The single biggest opportunity in this space is the deployment of offshore wind. By replacing fossil fuel–based energy, offshore wind could deliver an estimated achievable impact of 1.90–3.04 Gt CO₂‑eq/yr
, making it one of the most important mitigation options on land or at sea. However, offshore wind must be sited carefully to avoid disrupting carbon-sequestering ecosystems.
Such ecosystems provide the next best opportunity. Protecting coastal wetlands (salt marshes, seagrasses, mangroves) and seaweed ecosystems from ongoing loss, which has been approaching 1.2–3.5% of their global distribution or more annually, can help prevent the carbon they store from being released while also maintaining their ability to remove carbon. Collectively, protecting coastal and ocean ecosystems could deliver a climate benefit of up to 0.21–0.30 Gt CO₂‑eq/yr,
placing them on the low end of our Highly Recommended solutions set despite being frequently touted as a major global climate mitigation strategy. That said, these solutions are well worth deploying because they are ready now and they provide substantial benefits beyond carbon.

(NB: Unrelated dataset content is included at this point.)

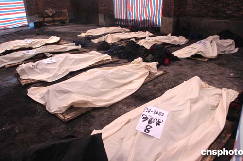 陕西省铜川矿务局陈家山煤矿发生瓦斯爆炸事故后,166名矿工被困井下。截至1日上午,井下发现65具遇难者遗体,其中21具遗体已经升井。(来源:新华网;记者刘铮、吴锦瑜)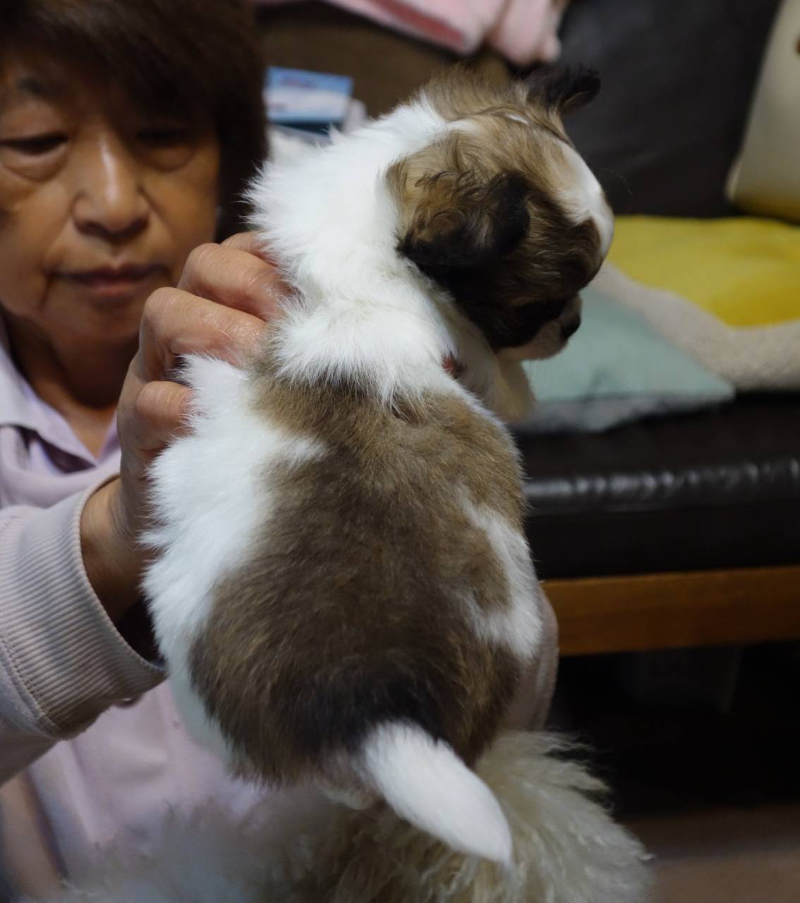 リビングで生活しているまゆ&ベビーは、リビングの先住犬吹雪の存在はすでに認識しているが触れ合いは最近のこと。今朝はママがベビーを人馴れで抱っこしていたら、フリーだった吹雪が焼きもちを妬いたのか、ママの膝の上にのっ占領。

Many other ocean climate solutions remain worthwhile despite limitations in scale and climate impact. For instance, restoring coastal wetlands (mangroves, salt marshes, seagrasses) and seaweed ecosystems, reducing overfishing, protecting the seafloor, improving fishing vessel efficiency, and improving aquaculture can contribute to climate goals, although their impacts are expected to be much smaller (<0.1 Gt CO₂‑eq/yr
each).
More novel marine CO₂
removal approaches remain uncertain, and all face challenges in proving they reliably work, can be scaled, and are cost-effective and low-risk. These include ocean alkalinity enhancement and ocean electrochemistry, which aim to increase the ocean’s capacity to store carbon by altering seawater chemistry, and seaweed farming for food. Such approaches could become more important over time, but they still face major questions.
Others, including ocean biomass sinking, artificial upwelling, and ocean fertilization, are not recommended because they are likely not effective (e.g., artificial upwelling) and/or they manipulate ocean biology, which could create novel, widespread ecological risks that ripple across our oceans and whose effects we don’t yet fully understand but expect to be widespread if deployed at scale.
The Ocean Funding Gap
Funding to advance ocean climate solutions has grown rapidly in recent years, but it remains insufficient. Offshore wind and ocean protection, which have clear and immediate climate value, need more funding for implementation. Novel marine carbon dioxide removal (mCDR) approaches also require significant additional investment, but in this case to resolve basic questions.
Ocean climate funding, which includes offshore wind as well as early-stage mCDR, increased from about US$31 million in foundation funding in 2018 to US$238 million in 2024. Offshore wind received about US$59 million in foundation funding in 2024 and nearly US$128 million in venture capital funding. However, this is just a fraction of what’s needed for offshore wind, with estimated investment needs of US$100 billion by 2050.
Ocean protection funding shows a different pattern. Funding from all sources is estimated at about US$1.2 billion/yr but has plateaued despite an estimated need of nearly US$16 billion/yr to achieve 30x30, the global target to protect 30% of the ocean by 2030. Foundation funding for protected areas and habitat protection has grown to about US$344 million in 2024 from under US$150 million in 2015, but remains far below the need.